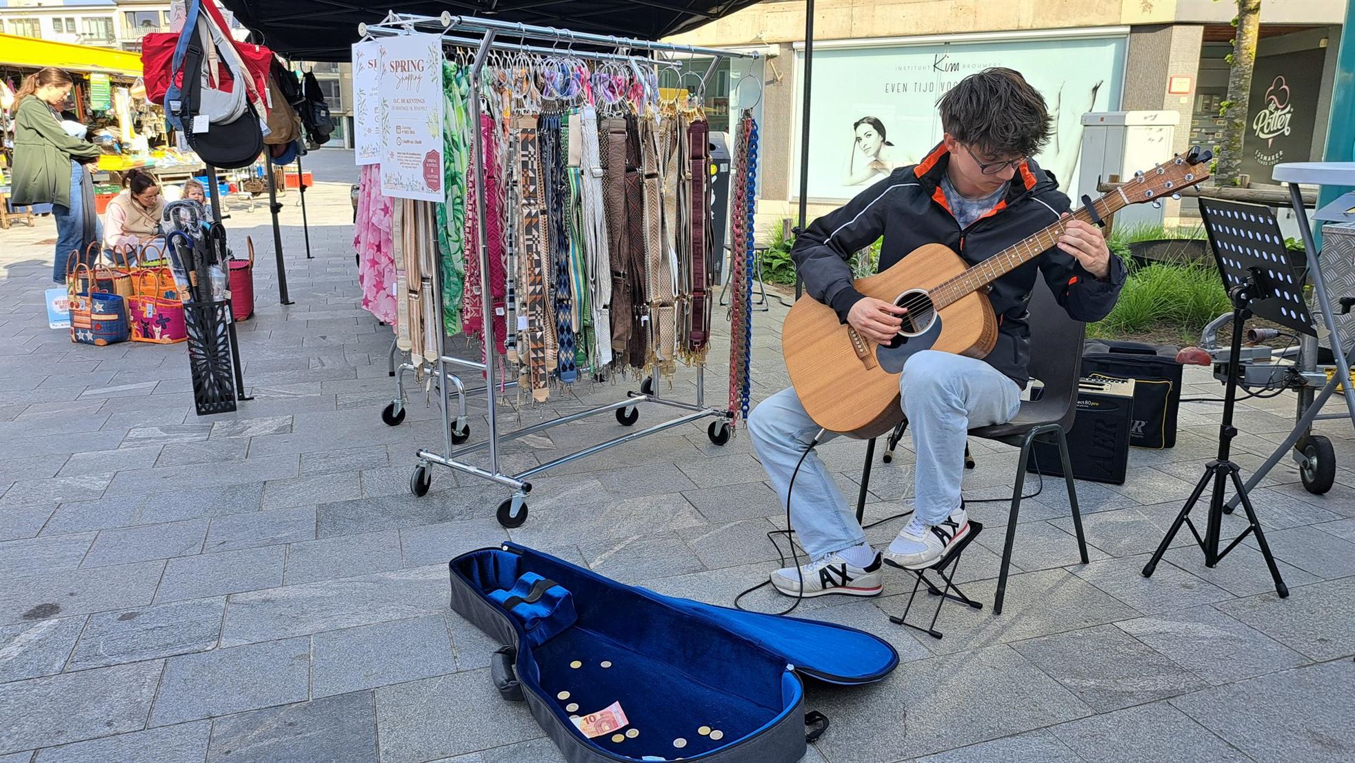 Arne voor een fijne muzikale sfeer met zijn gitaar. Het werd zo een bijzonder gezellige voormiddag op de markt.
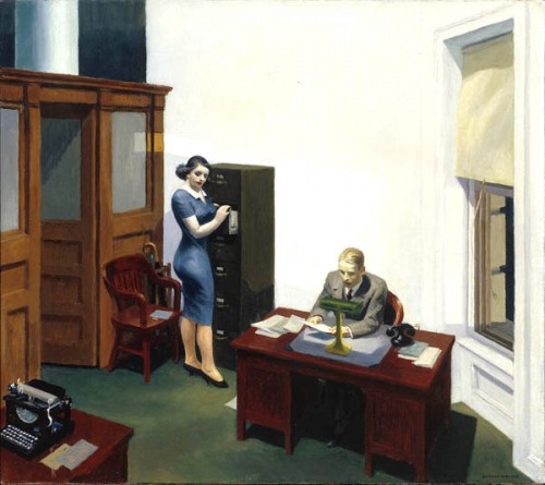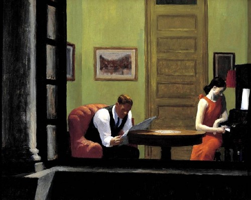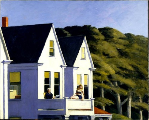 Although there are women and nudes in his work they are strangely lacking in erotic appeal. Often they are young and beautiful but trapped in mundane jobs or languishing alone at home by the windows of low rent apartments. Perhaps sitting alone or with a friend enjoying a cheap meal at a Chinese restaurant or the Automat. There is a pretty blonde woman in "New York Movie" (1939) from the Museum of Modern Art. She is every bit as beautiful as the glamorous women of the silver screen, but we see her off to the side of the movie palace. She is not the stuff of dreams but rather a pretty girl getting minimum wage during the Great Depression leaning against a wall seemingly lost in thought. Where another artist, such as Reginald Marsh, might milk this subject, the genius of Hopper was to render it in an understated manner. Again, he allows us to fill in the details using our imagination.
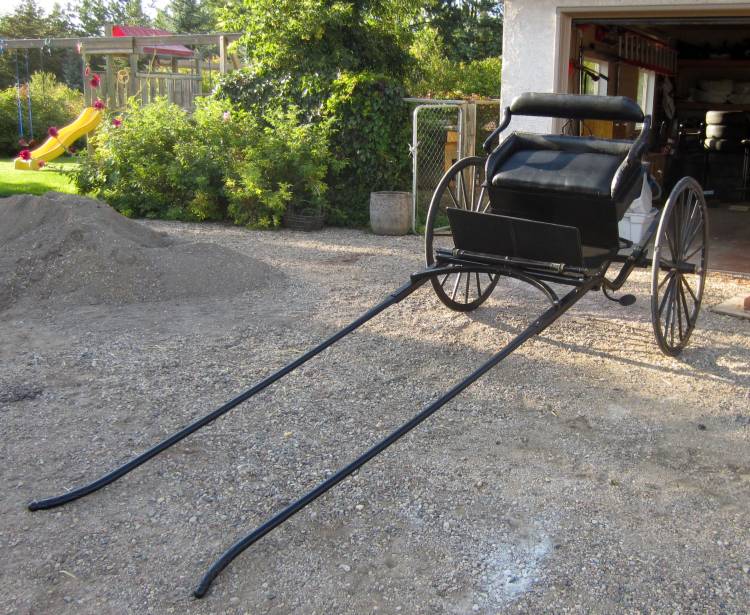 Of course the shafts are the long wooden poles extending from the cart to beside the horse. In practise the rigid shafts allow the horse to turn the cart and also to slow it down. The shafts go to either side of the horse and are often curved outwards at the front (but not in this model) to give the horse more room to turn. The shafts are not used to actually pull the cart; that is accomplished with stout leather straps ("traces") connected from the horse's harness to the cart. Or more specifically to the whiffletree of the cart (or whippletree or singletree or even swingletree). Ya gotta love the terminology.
---
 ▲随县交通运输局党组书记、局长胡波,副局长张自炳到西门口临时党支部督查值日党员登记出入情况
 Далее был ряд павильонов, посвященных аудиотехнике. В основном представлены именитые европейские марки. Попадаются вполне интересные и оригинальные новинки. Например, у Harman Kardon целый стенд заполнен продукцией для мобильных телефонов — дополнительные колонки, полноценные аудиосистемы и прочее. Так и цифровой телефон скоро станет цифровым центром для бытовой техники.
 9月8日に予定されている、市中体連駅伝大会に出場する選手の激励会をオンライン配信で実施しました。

TASK OBJECTIVE
Your task is to restate, word for word, only those lines above that fall between the line holding "Далее был ряд" and the line holding "9月8日に予定されている、市", inclusive.

PROBLEM SOLUTION
 Далее был ряд павильонов, посвященных аудиотехнике. В основном представлены именитые европейские марки. Попадаются вполне интересные и оригинальные новинки. Например, у Harman Kardon целый стенд заполнен продукцией для мобильных телефонов — дополнительные колонки, полноценные аудиосистемы и прочее. Так и цифровой телефон скоро станет цифровым центром для бытовой техники.
 9月8日に予定されている、市中体連駅伝大会に出場する選手の激励会をオンライン配信で実施しました。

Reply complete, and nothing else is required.